I first heard about Zarlenga's book from reading Ellen Brown's superb "The Web of Debt" which mentioned it many times. Indeed, Zarlenga appears to have been one of the first in modern times to realize that the way the monetary system currently operates is essentially based on a series of misunderstandings about the true nature of money. These misunderstandings have been actively encouraged by the powerful leaders of the financial system who have managed to impose the current insane system in which private banks are able to create money out of thin air, lend it to governments, and charge us interest.

One of the most important misunderstandings is the believe that money should be considered as a commodity like gold - that there is somehow a fixed amount of it that just has to be shared out. Sure, you can effectively trade gold for most things, because it's valuable, but that is little more than a slightly more sophisticated form of bartering.

Real money is different. And, as Zarlenga notes,  Aristotle got it right in the 4th Century BC. The Greek word for money was "NOMISMA" which refers to the fact that money attains its authority by law (or binding custom). Aristotle said:
"All goods must therefore be measured by some one thing... now this unit is, in truth, demand, which holds all things together... but money has become by convention a sort of representative of demand: and this is what it has the name nomisma - because it exists not by nature, but law (nomos) and it is in our power to change it and make it useless"
Another common idea is the idea that all money is debt. Now it is true that when private banks have a virtual monopoly on creating the money supply, that money is associated with debt. But this is confusing credit and money - they don't have to be the same thing.

The critical point, and it is one that Zarlenga demonstrates beautifully, is that money can be created without debt by governments. He tracks the history of money with a lot of attention to the enormous success of the the Roman empire which was driven in considerable part by the decision to create large quantities of cheap copper and bronze coins that could be used to pay for government actions - paying soldiers, building roads, aqueducts and other buildings.There are also the cases of Colonial Script money used by the colonies, and perhaps the best example - Abraham Lincoln's creation of $450 million of Greenbacks completely debt free.

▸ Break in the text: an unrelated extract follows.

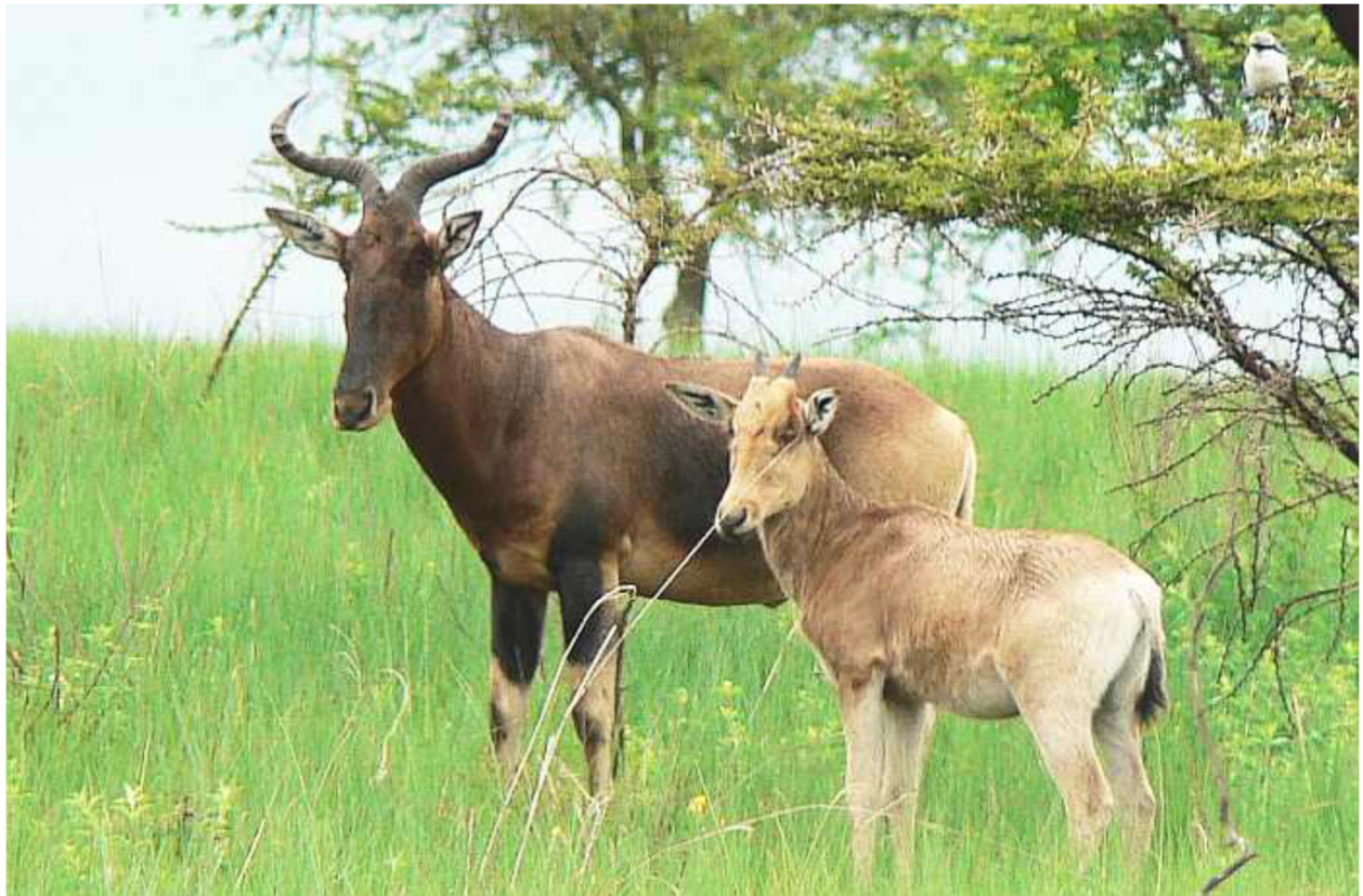
Figure 3 : Swayne's Hartbeest, Alcelaphus buselaphus Swaynei , cow with calf

There are some real gems in the book. I particularly liked the speech given in 1942 by William Temple, the archbishop of Canterbury, who said:
"The banks should be limited in their lending power to the amount deposited by their clients, while the issue of newer credit should be the function of public authority".
Spot on, Archbishop! Pressure from the Church was one of the reasons why the Bank of England was nationalized in 1946. Unfortunately, the insane fractional reserve banking mechanisms used by private banks was left in place.

I could go on - and maybe I will in later posts. The final point I want to mention today is that although the book came out 10 years ago, there is actually a quite substantial appendix that was added in 2010 that describes the American Monetary Institutes proposals for legislation that would fix the system - it would (1) incorporate the Federal Reserve into the US Treasury, (2) abolish the right of commercial banks to create money through fractional reserve lending, and (3) use government spending directly into the economy.

I was very pleased to hear that the proposal was actually proposed to Congress by Denis Kucinic on September 21st 2011 as HR 2990 "National Emergency Employment Defense Act of 2011". The text can be found on the AMI website here.

Congratulations to Denis Kucinic! Could he be the first elected politician who has seen the light? Hopefully there will be many more.